To me, the factor that has caused a stagnation (in comparison to centuries past) of artistic creativity is found in the stigmatization of music.
The concrete separation of "classical" or "art" music from "popular" music is a factor that really stifles the process of composition. The "classical" music community is tiny in proportion to the "popular" music community, and, in addition, the proportion of these "classical" listeners who actively participate in receiving new compositions is, at best, a small fraction of what it was 100 years ago. With the somewhat symbiotic relation that the composer holds with the audience now so fragile, the composer's task becomes rather more difficult.
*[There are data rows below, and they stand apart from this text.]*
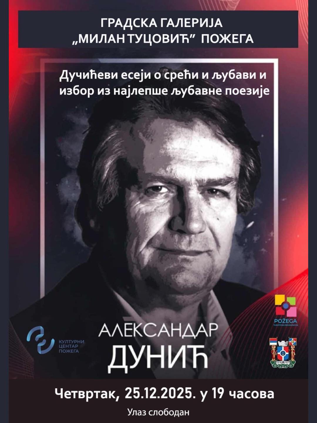 U okviru manifestacije „Požezija“, u četvrtak, 25. decembra u 19 časova, u Gradskoj galeriji „Milan Tucović“ u Požegi, biće održano posebno poetsko veče posvećeno Jovanu Dučiću.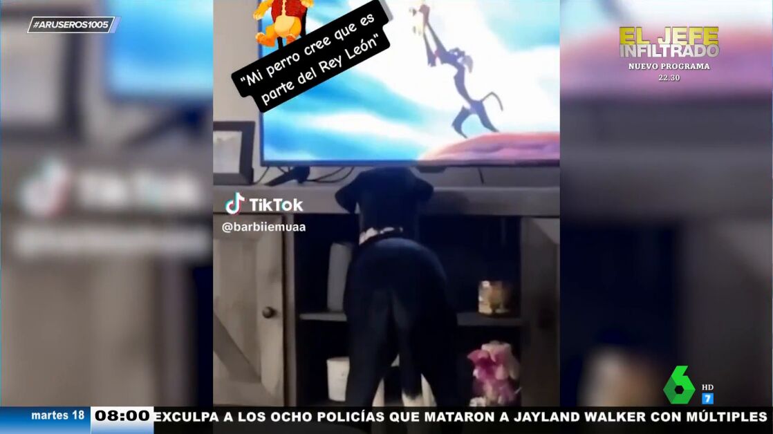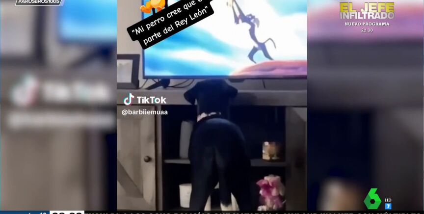 Pegado al televisor y sin perderse detalle de lo que allí ocurre, este perro sigue con atención todo lo que sucede en la película de dibujos animados de El Rey León, tal y como vemos en este vídeo de Aruser@s. La sorpresa llega cuando Rafiki presenta al pequeño Simba recién nacido a su pueblo y todos los animales de la sabana le rinden homenaje con una reverencia. Es en ese momento cuando el can decide inclinarse también ante el hijo de Mufasa.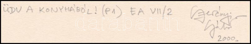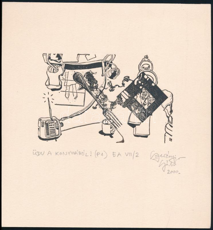 Leírás: Szerényi Gábor (1953-): Üdv a konyhából, 2000. Vonalas klisé, papír, jelzett, művészpéldány EA VII/2 számozással. 9x13,5 cm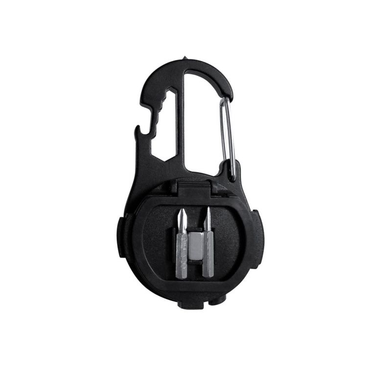Práctica multiherramienta fabricada en resistente aluminio de acabado en negro y 12 funciones. Con linterna de 20 luces COB y 3 posiciones de iluminación: luz fija con dos grados de intensidad y luz intermitente; y alimentada por una batería de 500 mAh. Incluye llaves para tuercas hexagonales en varios tamaños, abridor, y martillo rompe cristales. Con función destornillador (incluidas puntas planas y philips) y un potente imán. Práctico mosquetón de enganche y soporte en la parte trasera. Con cable de carga incluido y presentado en caja de diseño kraft. (color negro)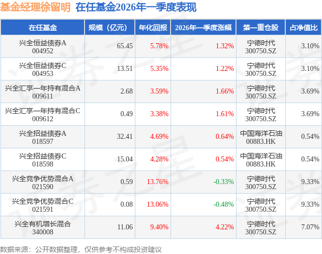 证券之星消息,日前兴全招益债券C基金公布一季报,2026年一季度最新规模15.04亿元,季度净值涨幅为0.54%。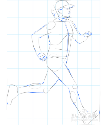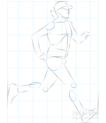 为单肩、臀部、脚踝和小腿绘制椭圆形。添加第二个肩膀和胸部指导线。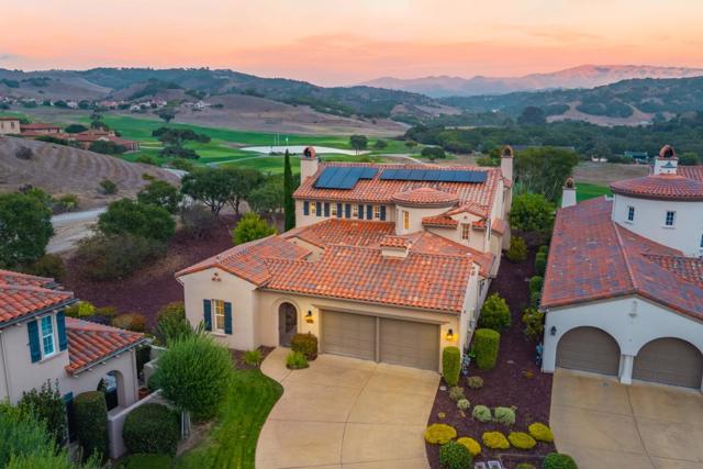 Perched above the 18th hole of TPC Monterey at Pasadera, this impressive property captures stunning views of the Jack Nicklaus signature golf course below and memorable sunrises over the nearby mountains. Sited at the end of a private cul-de-sac on an oversized lot, this home epitomizes a relaxed, resort-style feel. Featuring 3 spacious bedrooms each with an ensuite bathroom including a ground level casita, the versatile floor plan provides a wide range of options. Notable highlights of this golf villa include a gourmet kitchen complete with high-end appliances and quartzite countertops, primary suite with walk-in closet and bonus room plus balcony, owned solar panel system, epoxy floor 2 car garage with EV charging station, and a back patio pizza oven paired with custom serving counter. This is truly an entertainer's dream offering seamless indoor-outdoor living and an exciting opportunity to be part of a desirable gated community while also just minutes from the Monterey Peninsula.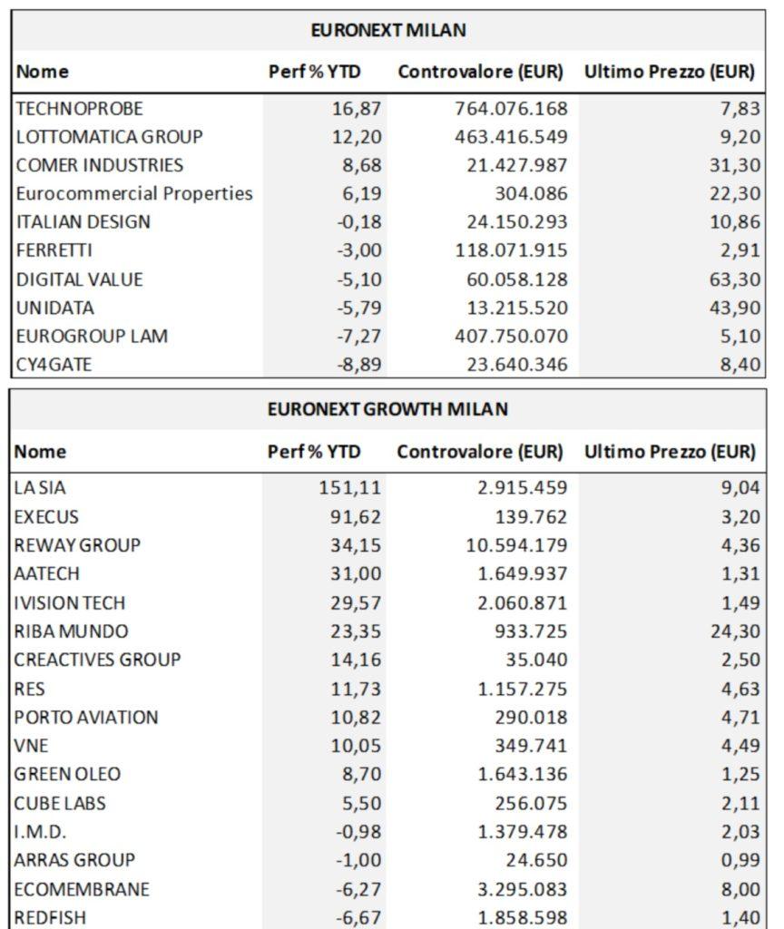 Diversamente, sul fronte Euronext Milan si segnalano le prestazioni di Technoprobe S.p.A. (+16,87%), società specializzata nella progettazione, produzione e commercializzazione di soluzioni per il collaudo di chip elettronici destinati all’industria dei semiconduttori e della microelettronica; Lottomatica Group S.p.A. (+12,20%), tra i principali leader europei e primo operatore italiano nel mercato del gioco legale autorizzato dall’Agenzia delle Dogane e dei Monopoli; e, in ultimo, Comer Industries S.p.A. (+8,68%), società specializzata nella progettazione, produzione e commercializzazione di sistemi avanzati e soluzioni meccatroniche per sistemi di trasmissione di potenza.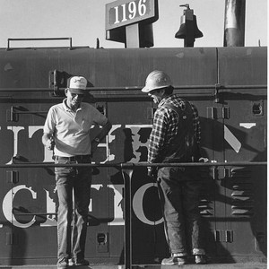 Staff of Visalia Electric Railroad Company stand by Engine #1196 of the company in this 1985 photo taken in Exeter, Calif. (Photo courtesy of Frances Kirkman)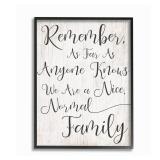 Stupell Industries 11 in. x 14 in. "Black and White We are a Nice Normal Family" by Artist Daphne Polselli Framed Wall Art . First came wood, then came canvas, and now we introduce our 'Framed Giclee Textured Wall Art.' we start with a giclee lithograph mounted on wood, and finish it with a texturized brush stroke finish. We didn't stop there though as we fit it within a 1.5 in. thick ebony wood grain frame to add depth and diminsion. Ready to hang. NEW without Packaging. Please Preview. Retail $32.58 |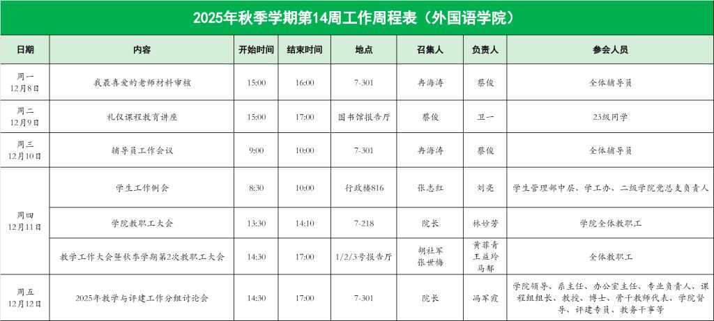 2025年秋季学期第14周工作周程表
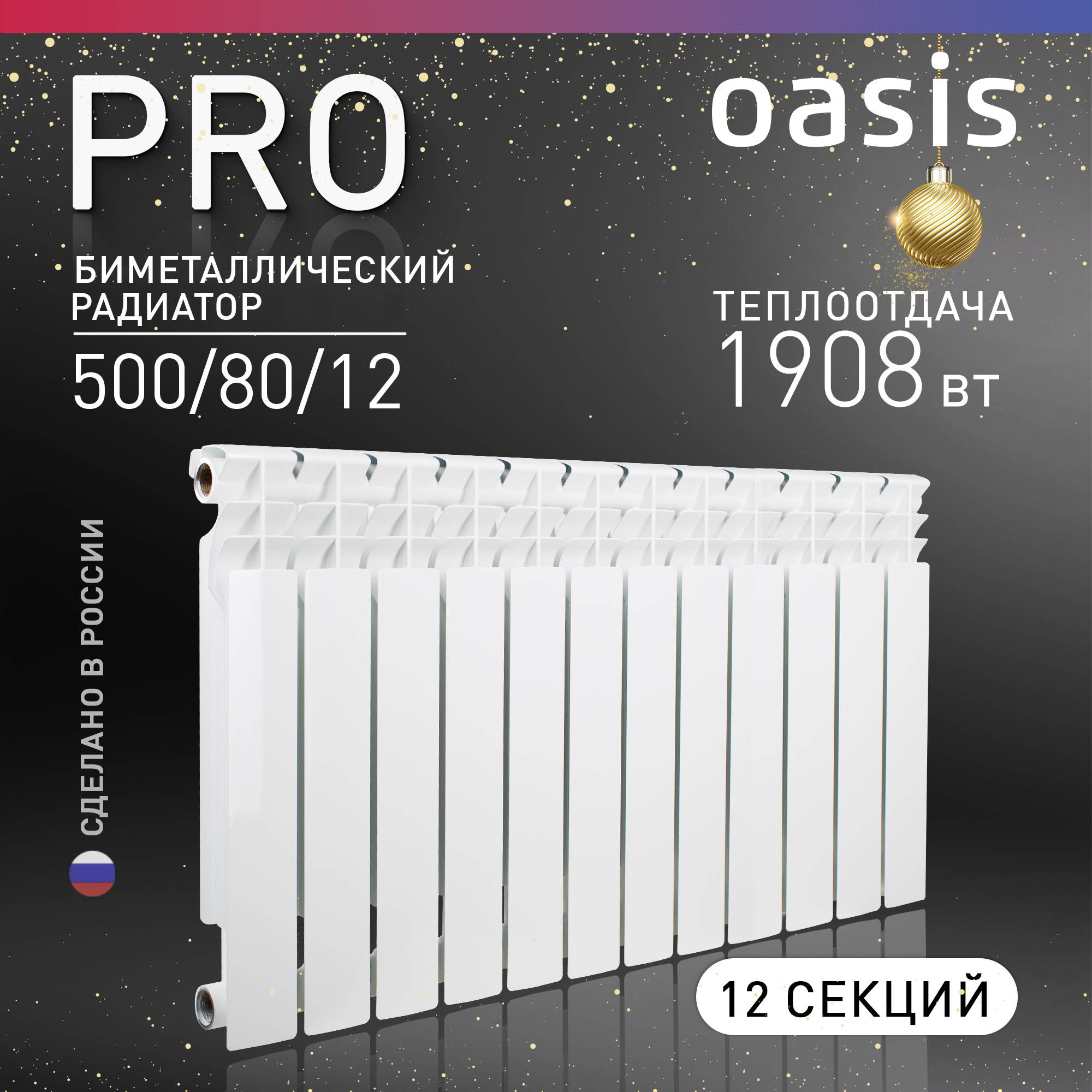 Радиатор отопления биметаллический Oasis Pro, модель 500/80/12, 12 секций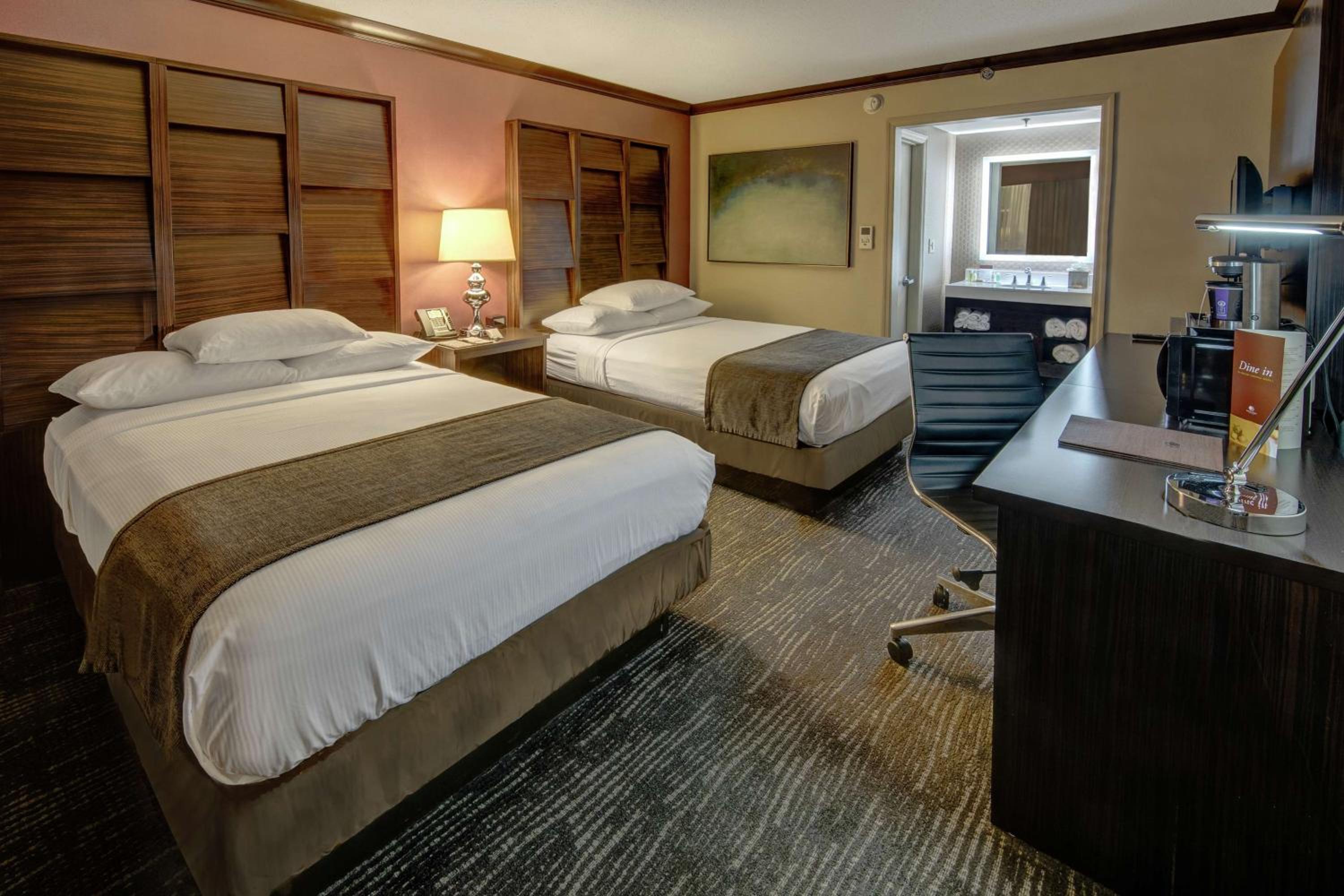The surrounding area did not look or feel as safe as I had assumed it would have been to be a Hilton hotel. The bed was worn and had a springy feel. Pillows were very soft and cheap. Building was located right beside a business that requires transfer trucks going and coming all night to the extent of blowing their horns. My two queen room without a view was $180 and my friends two queen room with a view (joke) was $160. Both rooms was very overpriced. I would not recommend this hotel.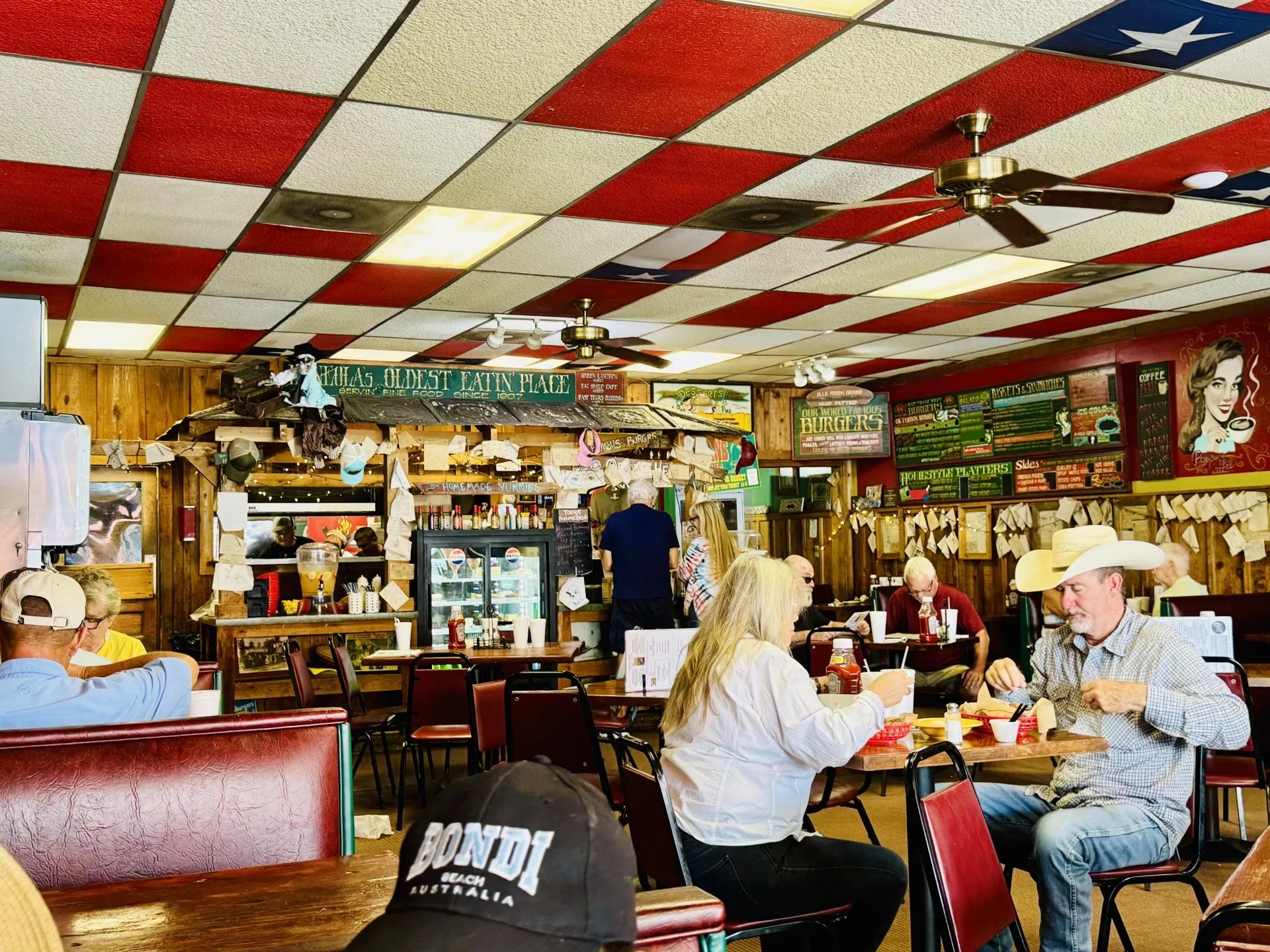 Porch cows and shameless plugs aside, we came to Mineola for the historic East Texas Burger Co., which has been, in their words, “where locals, hobos, and Bonnie and Clyde have dined for nearly 100 years.” The East Texas Burger Co. took over this historic space in 1984, but this property has been feeding Mineolans nearly since the beginning of Mineola’s history.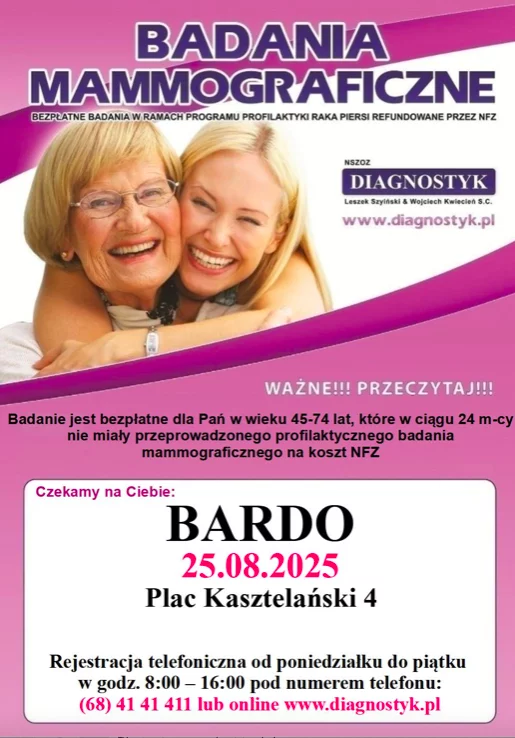 Badania odbędą się na Placu Kasztelańskim 4 w Bardzie. Rejestracja jest możliwa telefonicznie od poniedziałku do piątku w godzinach 8:00–16:00 pod numerem (68) 41 41 411 lub online na stronie www.diagnostyk.pl.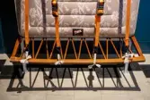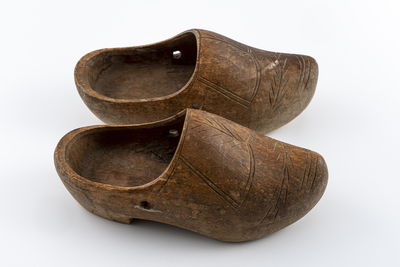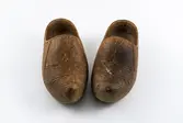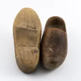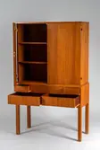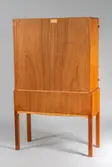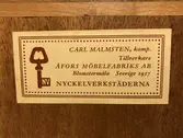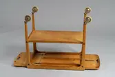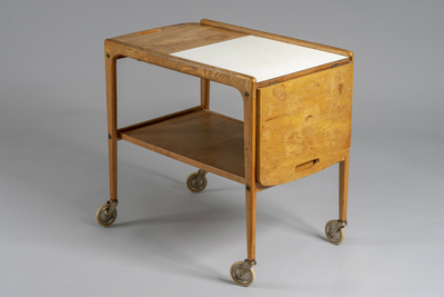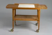 Trillebord med to klaffer. Topplaten kan skyves sidelengs slik at en eller begge klaffer er slått opp. Posisjonen låses med et metallbeslag under. Hull til håndtak i begge kortende...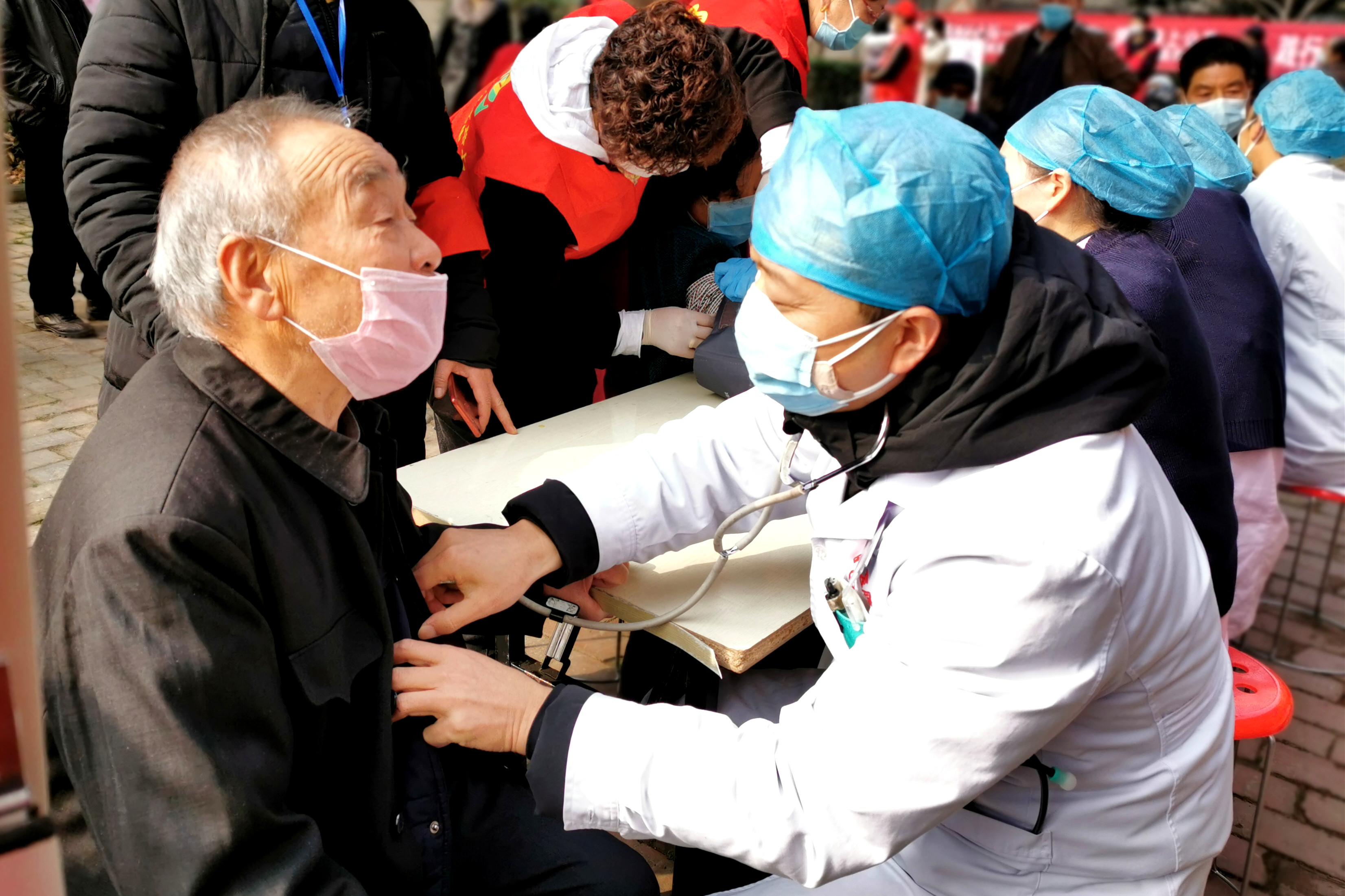 ? ? 診療志愿者同樣受到職工家屬的熱烈歡迎,量血壓、測心率、測血糖……還要不時停下來解答職工家屬的疑問,普及健康知識,叮囑大家要注意飲食、適當鍛煉、加強健康保健,快樂生活。

Your diamond analogy is particularly interesting. It's a brilliant comparison - to me, this is a defining point of "classical" or "art" music. Will the consumer find that their ideal new work is in "popular" music, which makes rather slower advances and utilizes more approachable musical concepts? If so, this could spell the doom of the evolution of "classical" music - many so-called aficionados, as I pointed out earlier, will turn their noses up at experimental music - a necessary step in determining the natural path for music to follow. Who then will support the development of "classical" music?

Art can be seen as a reflection of a society. Perhaps it will take a few years to realize the genius of the compositions of our age.